Also, in Germany, nationwide election campaigns are organized by central parties and
not by organizations founded and led by leading candidates, as occurs in the United
States. These factors have been identified as potentially influencing the use of digital
tools by German parties (Geber and Scherer 2015; Stier 2015; Zittel 2010). My aim
here is not to explain the use of digital tools by German parties with reference to contextual, organizational, or individual factors but to assess the value of an interpretative
framework developed on U.S.-based findings. It suffices, therefore, to point out that
Germany is an adequate contrasting case.
Method
This case study is based on my observations—in the form of field notes and my collection of digital artifacts—of parties’ uses of digital tools as well as in-depth interviews with key personnel from six parties running in the election. This inductive and
qualitative approach has been proven in previous work in this field (Chadwick 2013;
Kreiss 2014; Nielsen 2011; Vaccari 2010).
To establish context for my notes and to account for the motives of campaign professionals, I conducted a series of semistructured interviews with key campaign personnel.
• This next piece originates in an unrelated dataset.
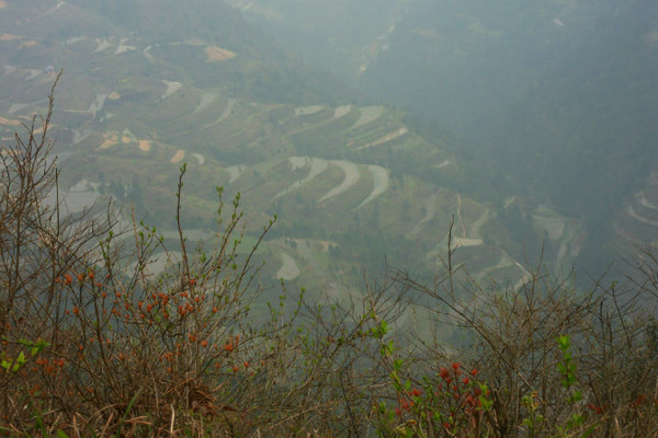 大概1个多小时的下行后。森林小时。。梯田显现。。看着下面的山谷才知道自己深处多高的位置。

The first wave of interviews was conducted before the election during the
summer of 2013. The second wave of interviews started after the election in spring
2014. Interviewees were selected for their centrality in the planning and execution of
digital campaigning in their parties. As parties differed significantly in how they organized their digital roles, the job titles of my interviewees varied. I spoke with Thomas
Diener, head of dialogue in the Free Democratic Party’s (FDP) Department for
Strategy, Dialogue and Campaigning; Robert Heinrich, a campaign manager for
Bündnis 90/Die Grünen (Alliance ’90/The Greens); Dr. Stefan Hennewig, the Christian
Democratic Union of Germany’s (CDU) head of personnel and the Supporter
Campaign teAM Deutschland; Mathias Richel, in-house consultant for the Social
Democratic Party of Germany (SPD); Dr. Markus Riedhammer, head of politics 2.0
for the Christian Social Union of Bavaria (CSU); and Matthias Schrade, campaign
coordinator for the Piratenpartei. Unfortunately, representatives of the German
Socialists (Die LINKE) and the new Euro-sceptic party AfD declined to be interviewed for this project.
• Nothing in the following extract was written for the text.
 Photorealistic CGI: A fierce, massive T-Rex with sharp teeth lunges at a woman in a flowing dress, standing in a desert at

While one is probably well advised to interpret answers given by campaigners on
their behavior and motives with some caution (Berry 2002), various interview-based
studies have shown their worth (Chadwick 2013; Kreiss 2012b; Vaccari 2010). That
said, this approach has a limitation that should be kept in mind when interpreting the
results. Germany’s two-tier electoral system means that some candidates for Parliament
fight local campaigns to win districts and thus directly enter Parliament. But parties
364 The International Journal of Press/Politics 21(3)
also fight a central campaign to increase the total number of candidates they are
allowed to send to Parliament. My results only speak to the use of digital tools by
German parties in their central campaigns (for the uses of digital tools by candidates
in their constituency campaigns, see Geber and Scherer 2015; Zittel 2009, 2015).
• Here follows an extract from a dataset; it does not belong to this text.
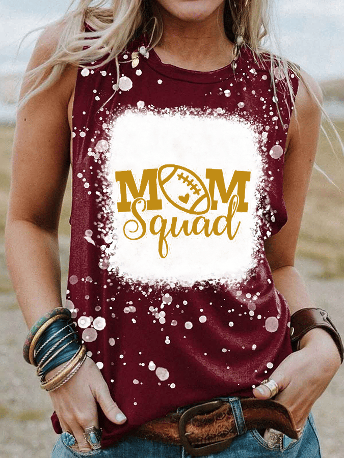 🔥🔥Women's Rugby MOM SQUAD Bleach Print Crew Neck Sleeveless T-Shirt

Four Uses of Digital Tools in the Campaign for
Germany’s 2013 Federal Election
Organizational Structures and Work Routines: Integrated Campaigns
Probably the most interesting theme emerging from the interviews with German campaign professionals was their strong objection to the term online or Internet campaign.
Robert Heinrich (Bündnis 90/Die Grünen) put this most strongly, but his sentiments
were shared by most other campaigners:
We should see the Internet as a natural part of campaigns. I find the incessant talk about
online-campaigns really irritating. If it were up to me, I would prefer people stopped
using the term altogether.
Thus, in the eyes of campaigners, digital tools have become so central to the organization, performance, and day-to-day workings of a campaign that they are not seen
as separate elements of the campaign. Instead, all parties use digital tools to support
traditional campaign elements and functions.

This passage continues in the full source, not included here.